When running the source built hashcat in benchmark mode with this command:
./hashcat -m 8900 -b -w4
I get about 1000 H/s. However, when I run it on the production executable, I get 1100 kH/s on the same device.

Is there a build flag or something I am missing to optimize performance on the build? I took a look at the Travis config but it looks like it is also just calling make.

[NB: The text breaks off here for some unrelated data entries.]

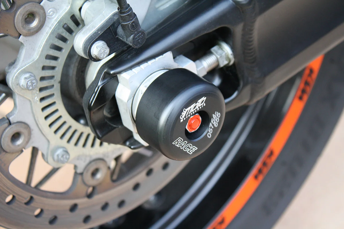 Защитные слайдеры заднего колеса GSG надежно предохраняют заднюю часть мотоцикла от ударов и протирания. При падении мотоцикл ложится на них и контролируемо скользит до остановки. Форма головки просчитана таким образом, чтобы не зацепиться за неровности асфальта, не повредить место крепления и не перевернуть мотоцикл. Качество слайдеров GSG подтверждено 30-летним производством и использованием на дороге и на гоночных треках. Слайдеры устанавливаются в ось заднего колеса с помощью шпильки. Крепёж входит в комплект.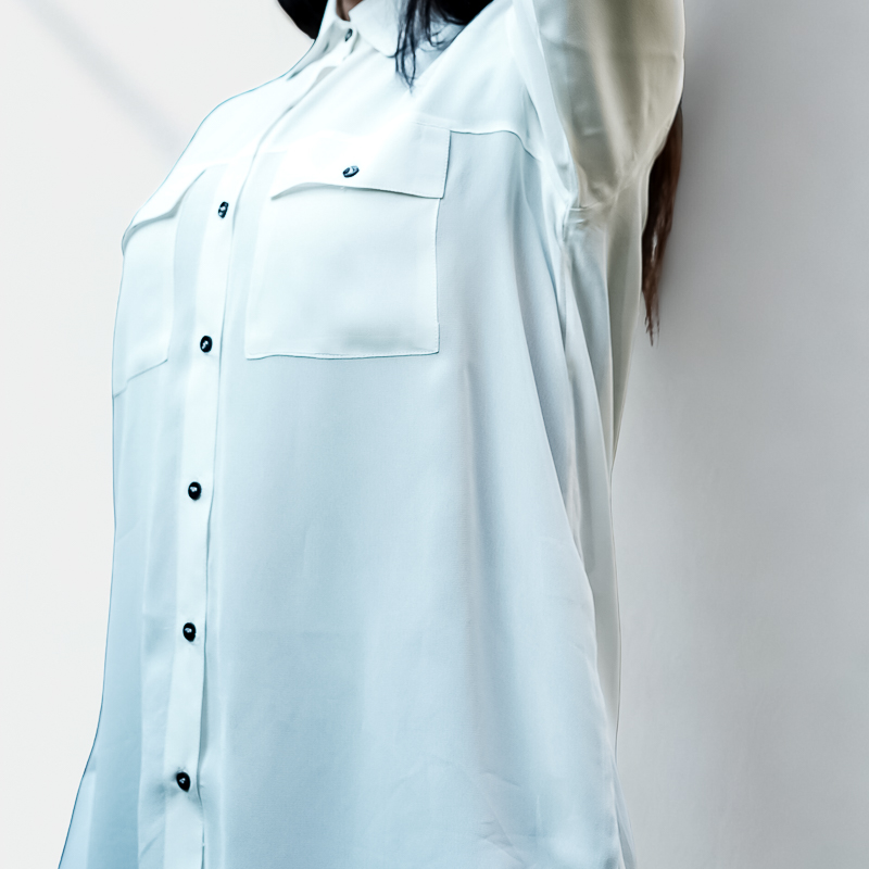 The Pearl Aura women’s shirt is made from soft georgette chiffon fabric that feels light, smooth, and comfortable on the skin. - Does the shirt have pockets?
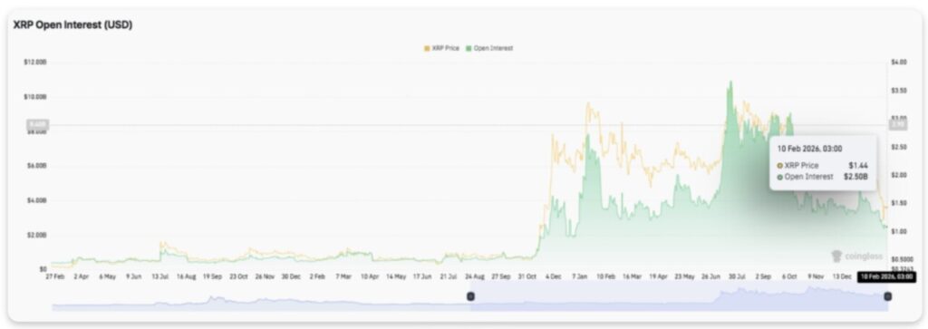 Data derivatif XRP menunjukkan siklus leverage yang sudah tuntas. Open interest sempat naik tajam pada akhir kuartal IV ketika harga melonjak. Namun setelah itu, open interest mulai menurun di saat volatilitas meningkat.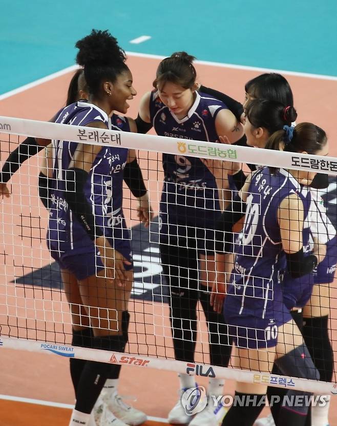 (김천=연합뉴스) 김현태 기자 = 13일 오후 김천실내체육관에서 열린 도드람 2020-2021 V리그 배구 여자부 흥국생명과 한국도로공사의 경기. 도로공사 선수들이 득점에 성공 후 기뻐하고 있다. 2021.1.13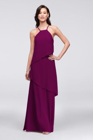 This long georgette bridesmaid dress with waterfall tiers is flowy, comfortable, and unquestionably elegant.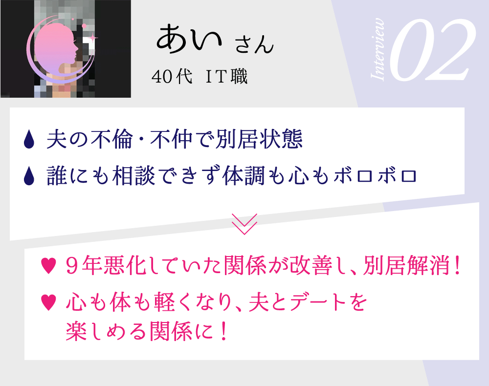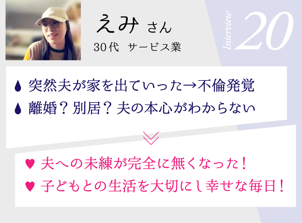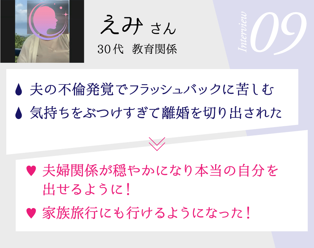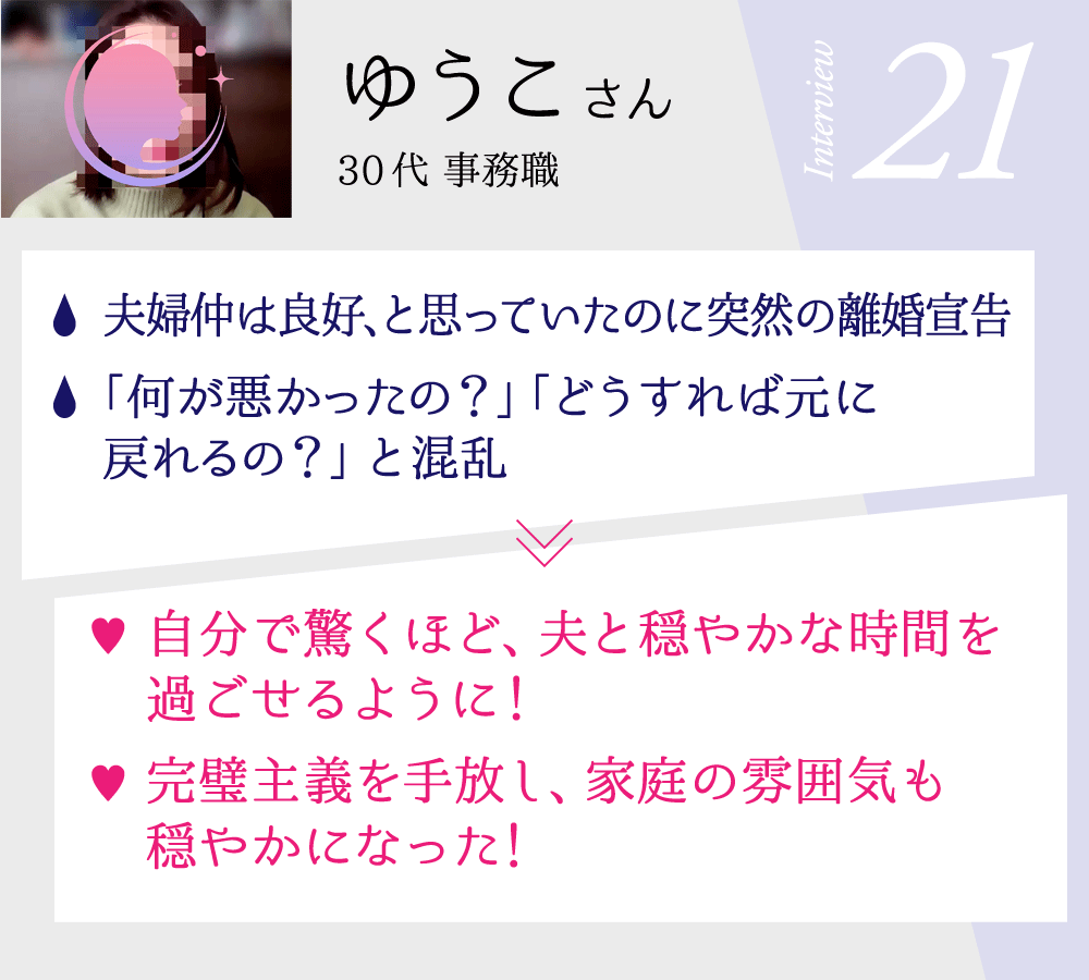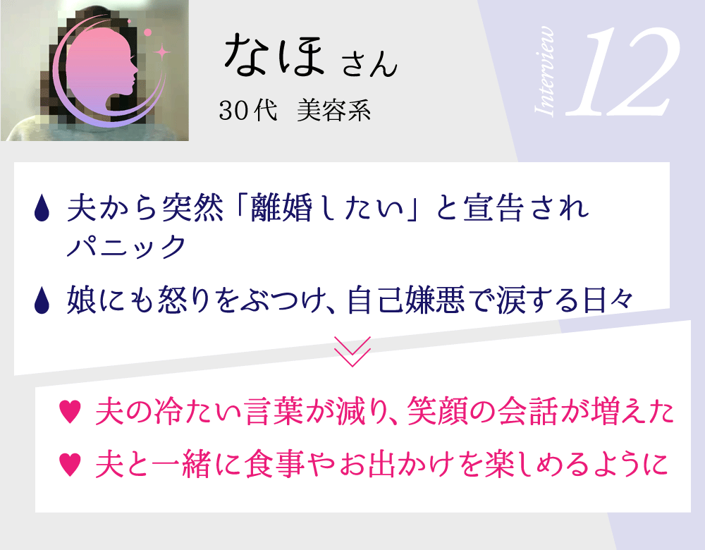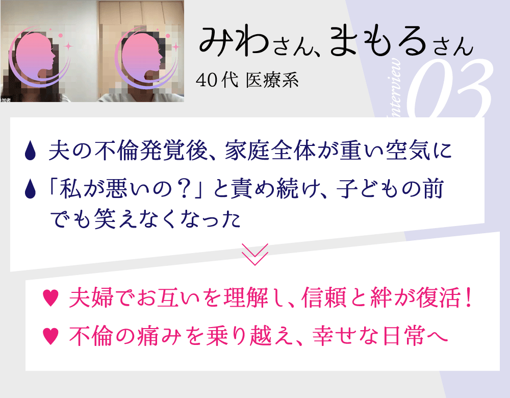 別居・不倫・離婚危機など、深刻な状況からの再構築に成功した事例が多数。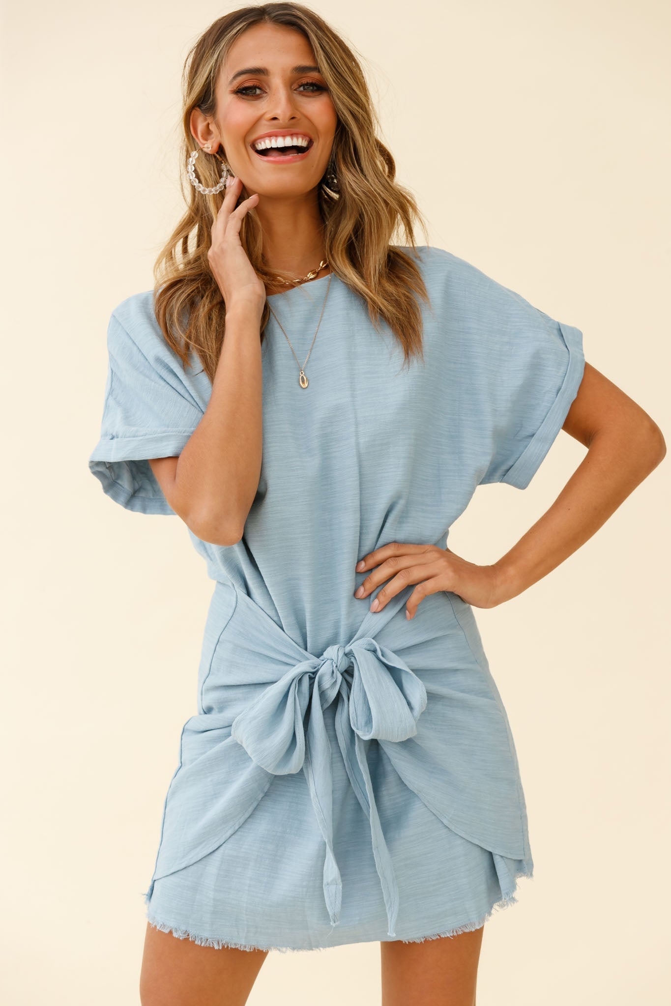 Marci Loose Fit Tie Feature Shirt Dress Blue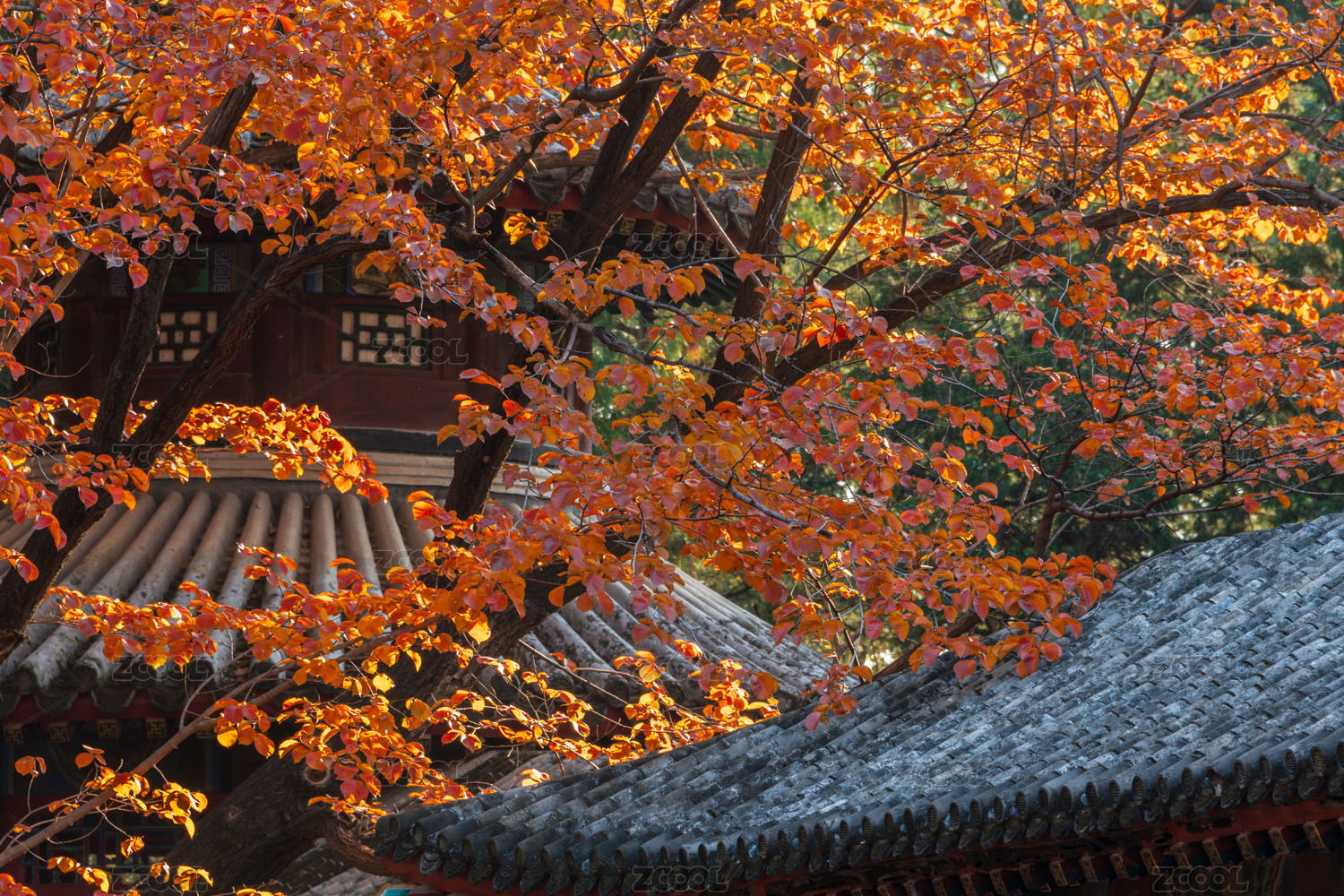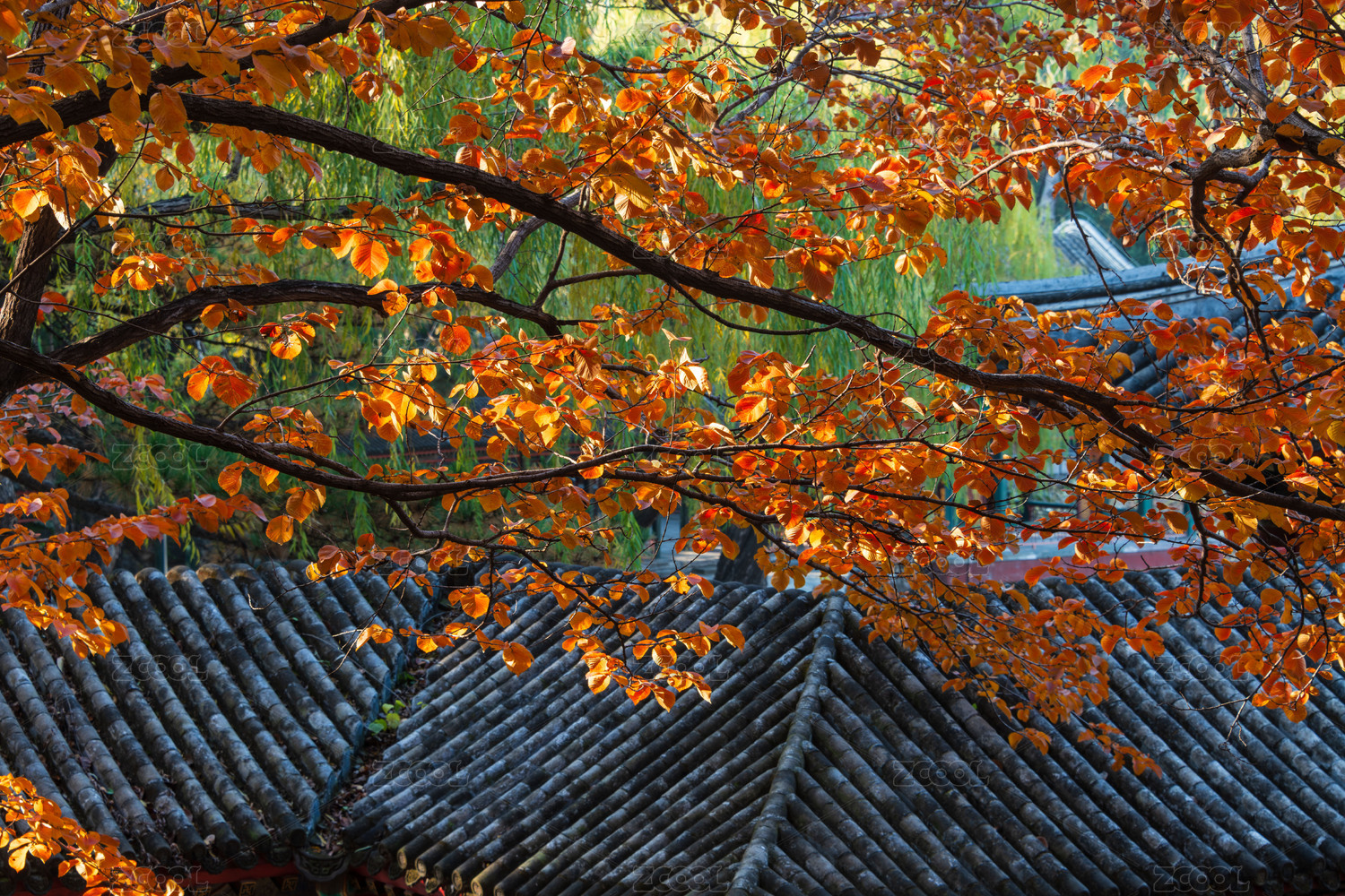 山东济南淌豆寺秋天黄色千年银杏树叶子金黄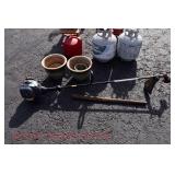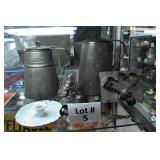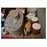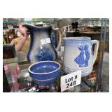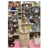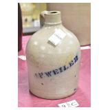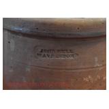 Crocks Catalog – Sold at 4pm 1c (3) Pcs. Stoneware Pottery: blue decorated pitcher; small jug; double handled jar (no names, all leaf decoration) 2c C.W. Sisson 2-Gal. Jug: Glen Falls NY, blue decorated, minor spider crack in glazing on front 3c Stoneware Bed Warmer: has stopper, chipped around the spout 4c Blue Decorated Crock: flower decoration, 2 chips on rim 5c John Bell Waynesboro Crock: redware 6c Stoneware Crock: blue decorated flowers, hairline cracks through on sides 7c Binghamton NY Stoneware Jug: blue decorated, minor chipping at spout, hairline crack on handle 8c Blue Decorated Crock: stoneware, chip on base (possibly in making) 9c F. Weiler Jug: stoneware, minor chipping at spout, chip at base, blue decorated with name 10c Stoneware Churn: brown glazed, wooden churn, chipping around the top 11c Stoneware Crock: blue decorated flower on front 12c Double Handled Crock Churn: blue decorated, wooden churn, hairline crack at base, some chips around rim 13c Stoneware Pitcher: minor discoloration 14c (2) Jugs: brown glaze at top, one has cork and is chipped at base 15c (2) Fruit Jars: redware, has some chips to glazing on one, both have lids 16c Redware Crock: possibly signed 17c Stoneware Jug: bicentennial decal on front, hairline on handle, chips at spout & base 18c (2) Jugs: brown glazed, both have stoppers 19c Double Handled Crock: blue decorated, chip on side 20c (2) Redware Crocks: one is chipped around base; other looks like it was green painted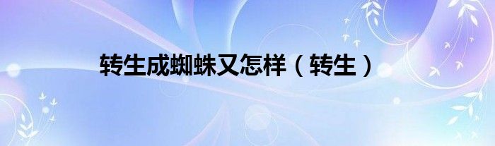大家好,小问来为大家解答以上问题。转生成蜘蛛又怎样,转生这个很多人还不知道,现在让我们一起来看看吧!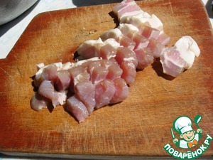 Картофелину разрезать на 3-4 части и нанизать на шпажки по 2 штучки, перемежая кусочки картофеля со свиным салом -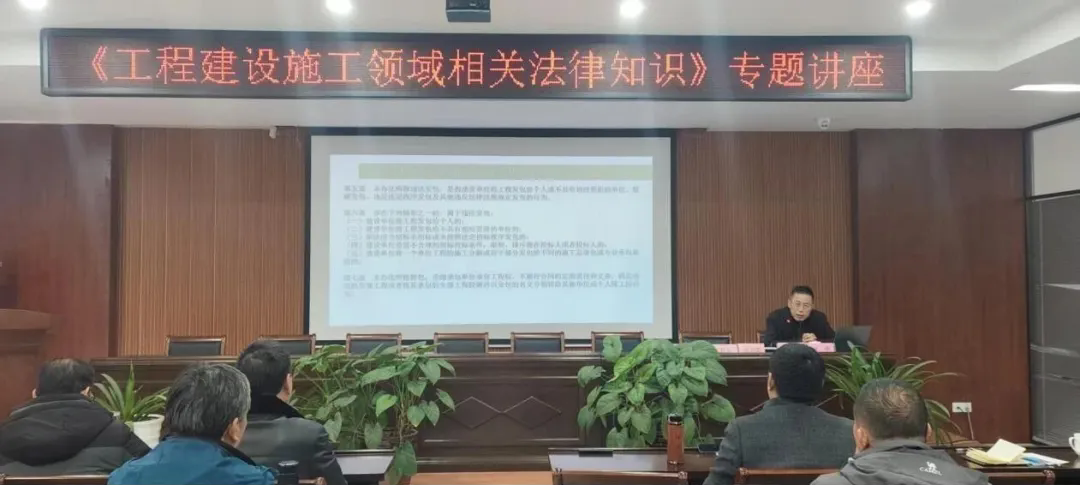 2025年12月27日下午,安徽众佳律师事务所应安徽省华通路桥工程有限责任公司邀请,开展《工程建设施工领域相关法律知识》专题讲座。该律所金华律师担任主讲嘉宾,为该公司机关全体人员、各单位主要负责人、各项目负责人以及合同管理人员等30余人进行了专业法律培训。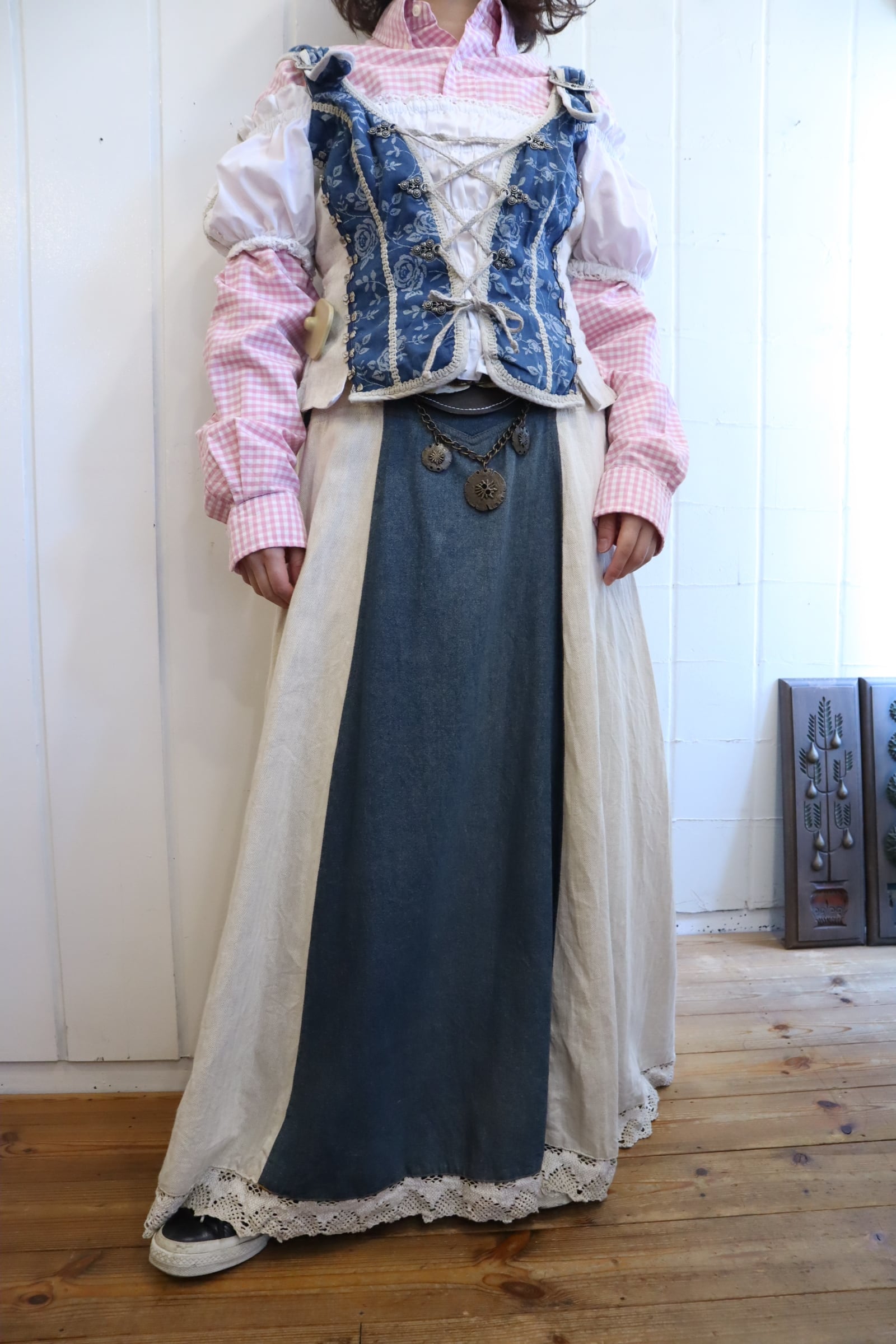 取り外せる装飾やサイドのレースアップが可愛いチロルロングスカート*

Any help would be appreciated!
Reply
#2
there were some major improvements to scrypt in latest developerment version. make sure to clone latest github master and add your scrypt based algorithm to hashcat.hctune and read the text about scrypt inside that file.
Reply
#3
I just rebased onto master, re-built, and still getting about 1100 H/s with scrypt vs. 1100 kH/s from the executable from the website (with no changes to the scrypt implementation, just using that as a benchmark for my own algorithm). So marginally faster but still, build is very very slow compared to the production version, with zero changes to the algorithm.
Reply
#4
What scrypt settings are you running and what hardware are you running it on?
Reply
#5
No custom scrypt settings, so just pulling straight from master, building, running in benchmark mode with -m 8900, and the comparing to the executable from the site with the same args. Tried on a 2080ti Super.
Reply
#6
Try not setting -w 4 and see what happens.
Reply
#7
Unfortunately same result - is there no difference in the executable build when it is built for deployment?
Reply
#8
Can you post the output from both versions? Nothing that has changed in the git version should have caused such a significant slowdown for you. If you want a version built from the latest github you can grab binaries from hashcat.net/beta/ and test with those instead of building yourself.
Reply
#9
Apologies on the delay here, but here are the two outputs:

First, from the website:
Code:
hashcat (v6.1.1) starting in benchmark mode...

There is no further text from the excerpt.